By Laura Sanicola
(Reuters) – U.S. oil refiners in coming days are expected to report the worst second-quarter results in a decade, with production outrunning demand while pandemic-related closings have sapped summer travel.
Fuel consumption has tumbled, with latest U.S. data showing a 25% drop on auto travel from a year earlier and a 75% decline in passengers at airports. Refiners get the bulk of their profits from domestic fuel sales, with the June quarter among the biggest for travel.
The seven top independent refiners, including Valero Energy Corp <VLO.N>, Phillips 66 <PSX.N>, PBF Energy Inc <PBF.N> and Marathon Petroleum Corp <MPC.N>, are expected to post losses.
Valero on Thursday is expected to report a per share loss of $1.41, according to IBES data from Refinitiv, compared to a profit of $1.51 a year earlier. The group’s average per share deficit will be $1.05, according to Refinitiv, compared to a $1.65 profit a year-ago.
Refinery crude processing rates remain about 2.8 million bpd, or 17% below the seasonal average over the past five years, according to the U.S. Energy Information Administration.

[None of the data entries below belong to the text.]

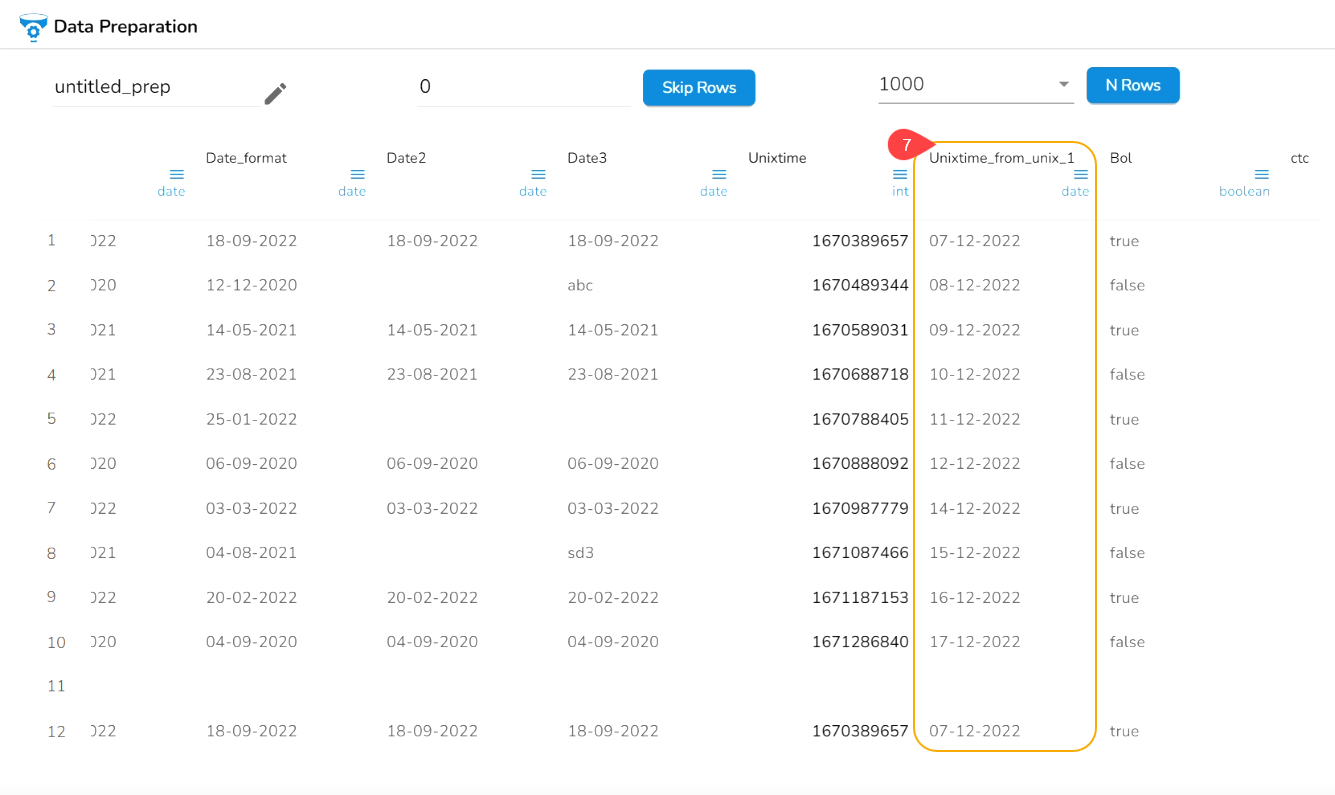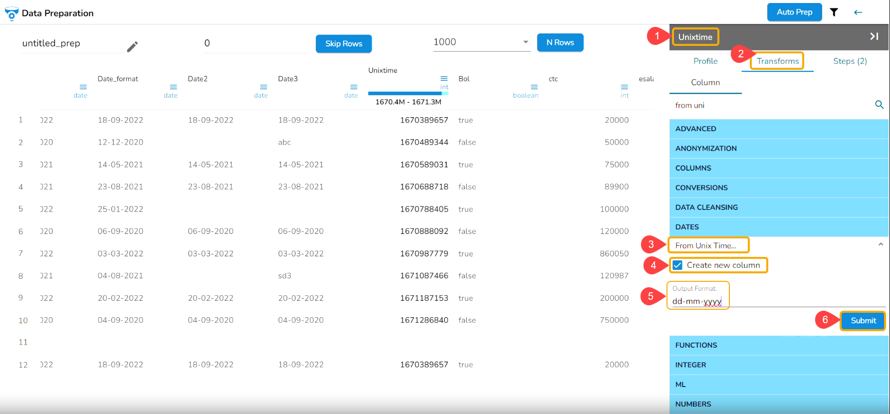 The From Unix Time transform converts the Unix time into a specified format. The From Unix Time transform has been applied on the Date column that contains the values in the Unix format.
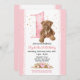 Girl Teddy Bear Wasserfarbenflora 1. Einladung
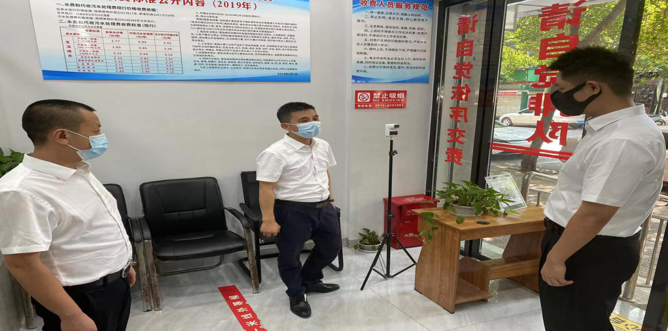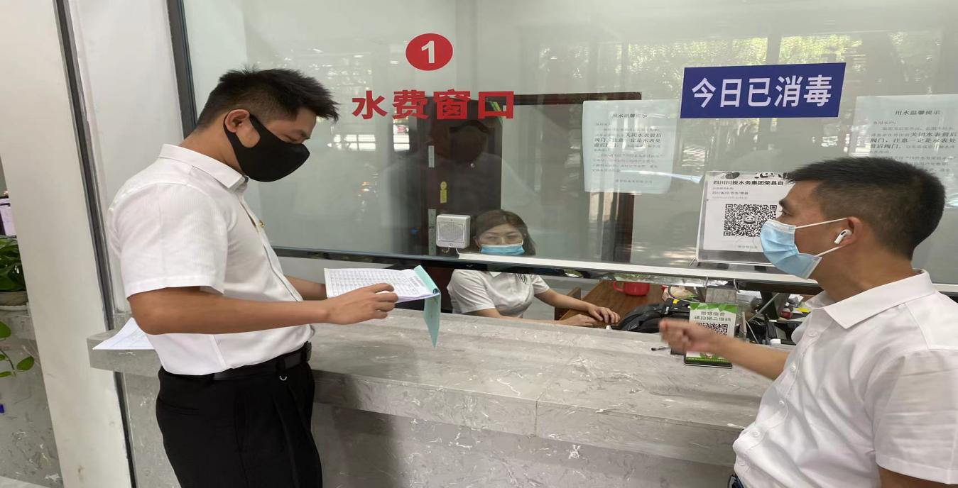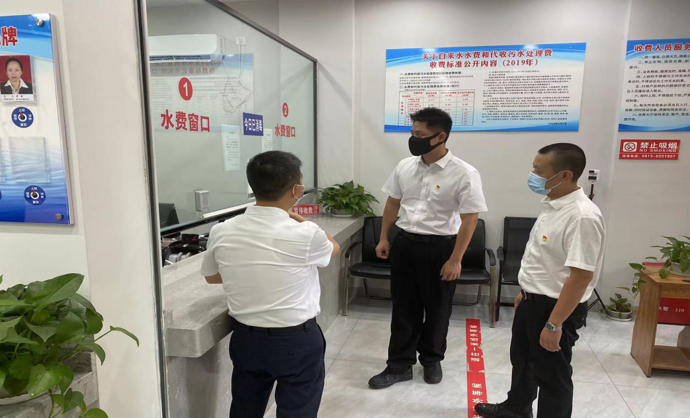 荣县水司服务大厅下午上班时间为2点30分,督导组2点25分到达在服务大厅门口,首先是针对缴费群众的排队情况、防疫一米间距标识、疫情防控“扫描、亮码”、管控措施等进行检查。2点28分,进入服务大厅检查员工是否准时到岗、着装、便民服务设施等进行检查,并仔细查看了防疫情况登记表及防疫物资存备情况。2点50分,检查组又前往荣县水司行政办公区、厂区、门岗等区域开展突击检查,对员工的到岗情况及未到岗人员逐个询问核实去向,并针对疫情防控、防汛抗旱保供情况进行现场询问。

Profits also were hurt by high inventories, as refiners ramped up in anticipation of business reopenings.
Refiners with retail networks could receive a boost from sales of tobacco and beer, which ticked up in the quarter and could offset lower year-on-year volumes, according to Credit Suisse.
“Refiners benefited as consumers who may have shopped at bigger, more crowded stores like Walmart <WMT.N> shifted spending to smaller refiner retail locations,” said Matthew Blair, refining analyst at Tudor, Pickering, Holt and Co.
WEST COAST WOES
Companies with heavy West Coast presence face added trouble because of California’s second lockdown, with tech companies such as Facebook and Google having employees work from home.
“West Coast refining margins will be extremely weak due to a hit in driving demand…California was one of the first states to enter lockdown and has been hit again,” said Blair.
Marathon’s Martinez, California, refinery has remained idle and at least one of PBF Energy’s two California plants could be idled to reduce losses, Credit Suisse said.
“We don’t see gasoline demand recovering to pre-pandemic levels in California,” Credit Suisse refining analyst Manav Gupta said in a note.